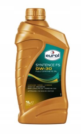 Eurol Syntence FS 0W-30 — высококачественное синтетическое моторное масло с высокими эксплуатационными характеристиками для использования в бензиновых двигателях, также оснащенных сжиженным нефтяным газом, и дизельных двигателях легковых автомобилей и легких коммерческих автомобилей, также оснащенных сажевые фильтры. Eurol Syntence 0W-30-FS разработано специально для легковых автомобилей и легких коммерческих автомобилей группы VAG (Volkswagen, Audi, Seat и Skoda). Подходит для увеличенных интервалов замены масла: до 30 000 км для бензиновых двигателей и 50 000 км для дизельных двигателей. Eurol Syntence FS 0W-30 превосходит требования стандарта VW по топливной эффективности на 10% (тесты расхода топлива VW PV 1451 в рамках стандартных испытаний VW 504.00/507.00).
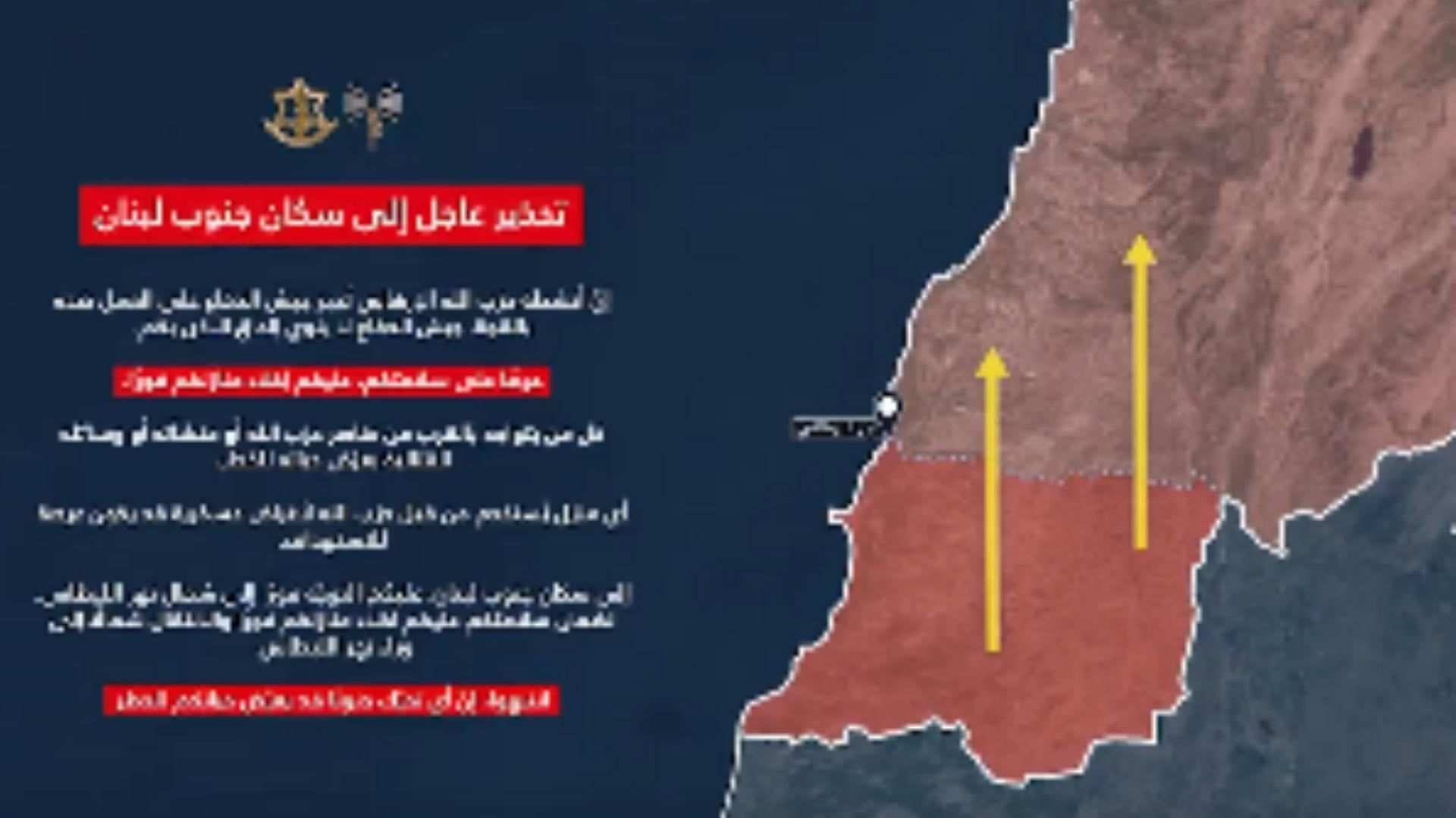 أصدر الجيش الإسرائيلي إنذاراً عاجلاً إلى سكان جنوب لبنان المتواجدين جنوب نهر الليطاني.
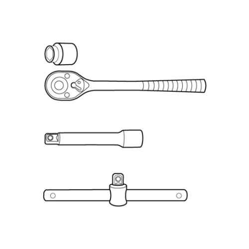 У набір входять, зокрема, широка гама змінних головок, а також тріскачка.
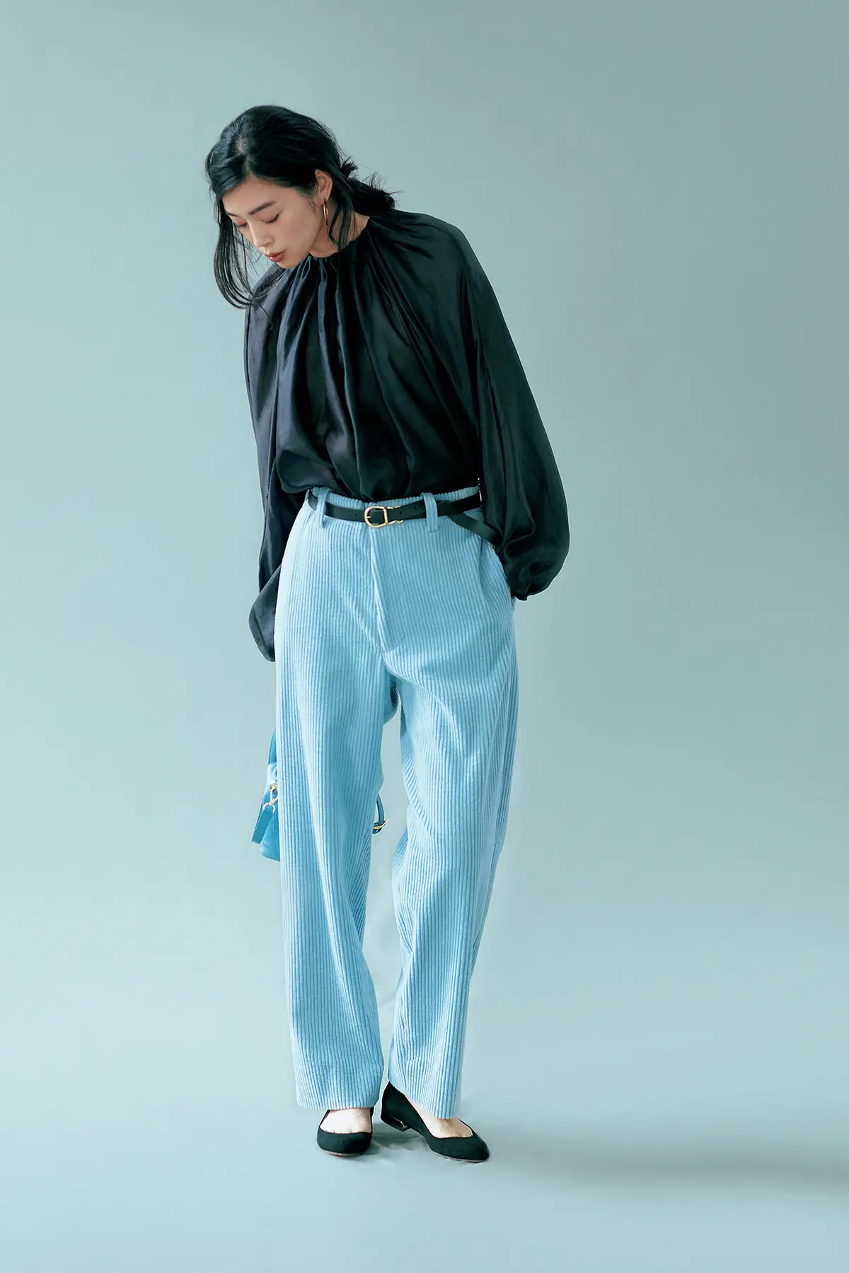 主役感たっぷりな優しげブルーで、コーデュロイのイメージを一新 ワイドからすそにかけて少し細くなったシルエットとライトブルーの優しげカラーで、太畝ながら軽やかなムードのコーデュロイパンツ。股上深めで腰まわりをほどよくカバーしてくれる、大人にはきやすいシルエットもうれしい。ギャザーをたっぷり効かせた大人のかわいげブラウスを合わせれば、ちょっと華やかなシーンもOKな洗練されたパンツスタイルが完成。
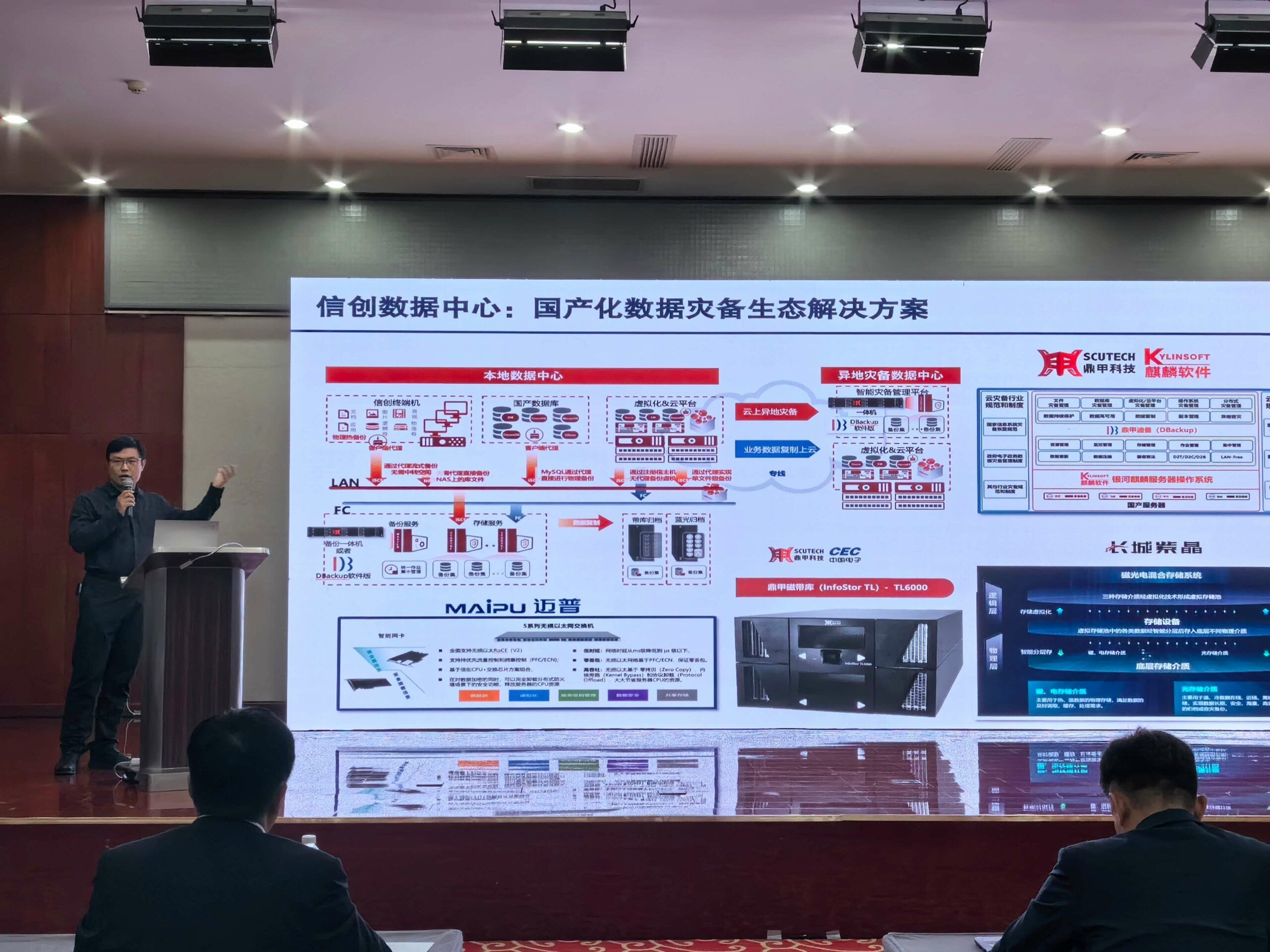 多家優(yōu)秀企業(yè)代表分享了在行業(yè)應(yīng)用協(xié)同創(chuàng)新中的最新成果。鼎甲北區(qū)技術(shù)總監(jiān)姜思亮帶來了《信創(chuàng)成功方案和實施案例》主題演講。中國電子致力于聯(lián)合生態(tài)優(yōu)勢力量,聚力打造產(chǎn)品能力融合解決方案。其中,鼎甲作為中國電子旗下唯一的數(shù)據(jù)保護(hù)企業(yè),PKS 體系的重要成員,其國產(chǎn)數(shù)據(jù)保護(hù)平臺融合了備份、容災(zāi)、CDM、重復(fù)數(shù)據(jù)刪除、磁帶歸檔等功能模塊,兼容適配多種操作系統(tǒng)、海量文件、數(shù)據(jù)庫、虛擬化平臺、云計算平臺、大數(shù)據(jù)應(yīng)用、云原生應(yīng)用等各類資源,為用戶提供成熟穩(wěn)定、性能優(yōu)越、安全合規(guī)的整體解決方案。
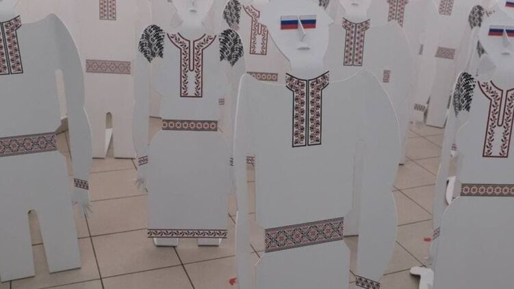 В Черновцах художник сделал инсталляцию "Хохлы" - люди на коленях с триколором на глазах. Его вызвали в СБУ
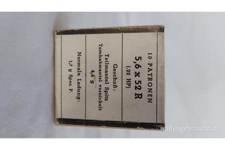 Verkaufe eine Packung Munition 5,6x52R (.22 HP) Teilmantel Spitz Geschoße des Herstellers IWK (Industriewerke Karlsruhe) mit 10 Patronen. Preis pro Packung 40€.

WHAT TO DO> Skip all pictures. Write out only the lines from the one containing "أصدر الجيش الإسرائيلي" to the end of the listing above, inclusive, exactly as given.

RESPONSE BELOW>
 أصدر الجيش الإسرائيلي إنذاراً عاجلاً إلى سكان جنوب لبنان المتواجدين جنوب نهر الليطاني.
 У набір входять, зокрема, широка гама змінних головок, а також тріскачка.
 主役感たっぷりな優しげブルーで、コーデュロイのイメージを一新 ワイドからすそにかけて少し細くなったシルエットとライトブルーの優しげカラーで、太畝ながら軽やかなムードのコーデュロイパンツ。股上深めで腰まわりをほどよくカバーしてくれる、大人にはきやすいシルエットもうれしい。ギャザーをたっぷり効かせた大人のかわいげブラウスを合わせれば、ちょっと華やかなシーンもOKな洗練されたパンツスタイルが完成。
 多家優(yōu)秀企業(yè)代表分享了在行業(yè)應(yīng)用協(xié)同創(chuàng)新中的最新成果。鼎甲北區(qū)技術(shù)總監(jiān)姜思亮帶來了《信創(chuàng)成功方案和實施案例》主題演講。中國電子致力于聯(lián)合生態(tài)優(yōu)勢力量,聚力打造產(chǎn)品能力融合解決方案。其中,鼎甲作為中國電子旗下唯一的數(shù)據(jù)保護(hù)企業(yè),PKS 體系的重要成員,其國產(chǎn)數(shù)據(jù)保護(hù)平臺融合了備份、容災(zāi)、CDM、重復(fù)數(shù)據(jù)刪除、磁帶歸檔等功能模塊,兼容適配多種操作系統(tǒng)、海量文件、數(shù)據(jù)庫、虛擬化平臺、云計算平臺、大數(shù)據(jù)應(yīng)用、云原生應(yīng)用等各類資源,為用戶提供成熟穩(wěn)定、性能優(yōu)越、安全合規(guī)的整體解決方案。
 В Черновцах художник сделал инсталляцию "Хохлы" - люди на коленях с триколором на глазах. Его вызвали в СБУ
 Verkaufe eine Packung Munition 5,6x52R (.22 HP) Teilmantel Spitz Geschoße des Herstellers IWK (Industriewerke Karlsruhe) mit 10 Patronen. Preis pro Packung 40€.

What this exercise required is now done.